Every time I walk my dogs on the trail that runs through Ennisbrook, I wonder what the story is with this 15-foot-tall memorial. Do you know? —D.
I assumed this would be a cinch to research online, but I found nothing beyond a brief mention on the MuleTrail blog. So I went and looked at the memorial in person. It has a quote from Hamlet (“Flights of angels sing thee to thy rest”), but neither a date nor a name, except for that of the sculptor, Frederick P. Humphrey.
I contacted Trish Davis of the Montecito Association‘s History Committee, who reached out to the developers of Ennisbrook—Jack Theimer, Kaye Theimer, and Chuck Farish. They said the memorial was part of the old Gould estate, and that I should try Marianne at the Ennisbrook Owners Association. She sent over a scan of a photocopied article with lots of good info, but she didn’t know where or when it was published. So I also asked the Santa Barbara Historical Museum, which forwarded two articles—from the Independent in 1999 and the Montecito Journal in 2004—that corroborated the first one. (Links to the articles are posted at the end.)
Here’s a synopsis…. The memorial is in honor of Frederic Saltonstall Gould, who had a 92-acre estate in what is now Ennisbrook; his wife, Clara Hinton Gould, commissioned the memorial after he died in 1920. In 1996, some boys playing on the grounds of the decaying estate “noticed a ring on a metal box set into a depression of the stone above the head of the angel,” wrote Marion Gregston in the Montecito Journal. “They pulled out the box by the ring, opening the box and out spilled a ‘dark powder.'” Upon seeing “Frederic S. Gould” on the box, their mother deduced it must have held ashes, and she and the boys return to the memorial to reinter the ashes into the box.
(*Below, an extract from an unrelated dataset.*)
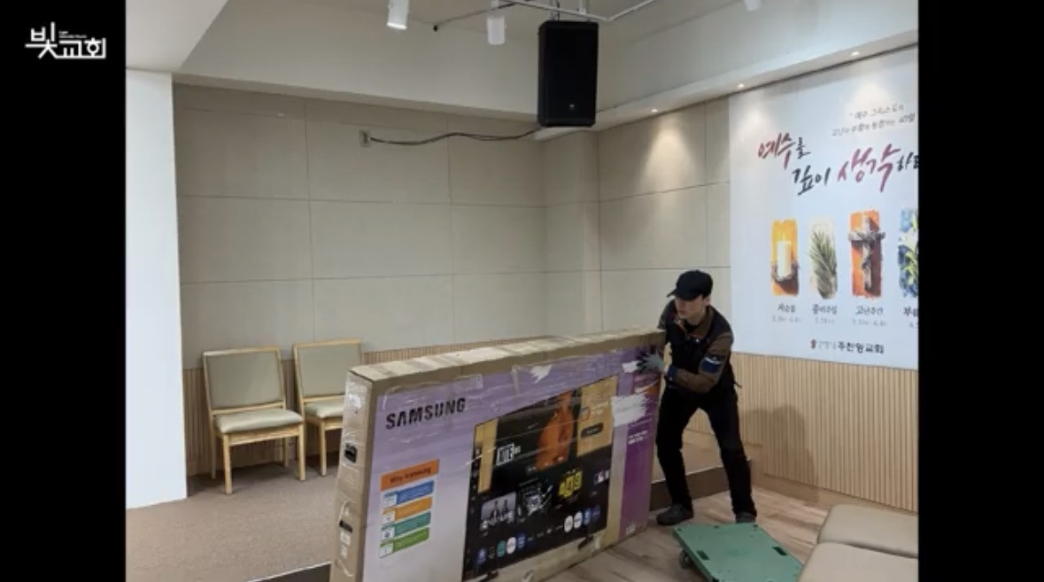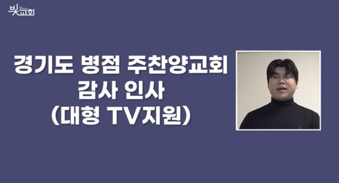 경기도 병점 주찬양교회에서 대형 TV지원에 감사 인사를 보내오셨습니다.

James Powers, the caretaker for the estate (owned at that time by Kenneth Hunter Sr.), spotted them, and he took it upon himself to have the Goulds laid to rest together.
Frederic Gould’s ashes had been reported to have been sent to New York, with Clara Gould’s ashes to join them upon her death in 1948. But since Frederic’s ashes weren’t where they were supposed to be, Powers realized that Clara’s might not be, either. He tried searching the area around the memorial with a metal detector, to no avail. The Montecito Journal article wrapped up the story nicely:
Nearly a year after the boys had discovered Gould’s remains, Powers came across an innocuous slip of paper among Clara Gould’s documents. It was a receipt for a concrete box from a workshop on Milpas Street in Santa Barbara. He immediately realized that if her urn were encased in a concrete box, a metal detector would not register it. Powers searched in and around the angel again, this time without the metal detector, but turned up nothing.
Finally, thinking that it was a long shot, he called the monument shop and spoke to the owner. “Sure, I remember,” he told Powers. “She bought that box to have for her ashes when she died. I even know where they buried her. You know that old angel monument on their estate?”
The next day, shovel in hand, James Powers joined the monument shop owner out at the angel monument. Three feet down, they struck a concrete box. Inside the box was Clara Gould’s bronze urn. The mystery was finally solved and the Goulds could finally be together again. But where?
Determined that the Goulds, who had so generously donated their home and property to the Santa Barbara Foundation, deserved a beautiful resting place together, Powers contacted the Foundation and proposed that they underwrite a niche for the Goulds at the Santa Barbara Cemetery. The Santa Barbara Foundation heartily agreed, and Clara and Frederic rest together in Bay B, Niche 34, in the Santa Barbara Cemetery chapel.
To see the memorial for yourself, you can walk up Sheffield Drive till you see a wooden Montecito Trails Foundation sign on the left.
Alternatively, to avoid the pedestrian-unfriendly part of Sheffield, look for an unmarked path between two fences on San Leandro Lane, just west of Sheffield. It winds its way to the part of Sheffield that’s easier to walk.
The trail off Sheffield goes to Gould Lane, where you turn right and then look for another MTF trail sign on your left. (It’s just before the big brick house at the corner of Gould Lane and Jelinda Drive.) According to the Montecito Journal, Clara Gould was responsible for the the allée of pines leading to the memorial.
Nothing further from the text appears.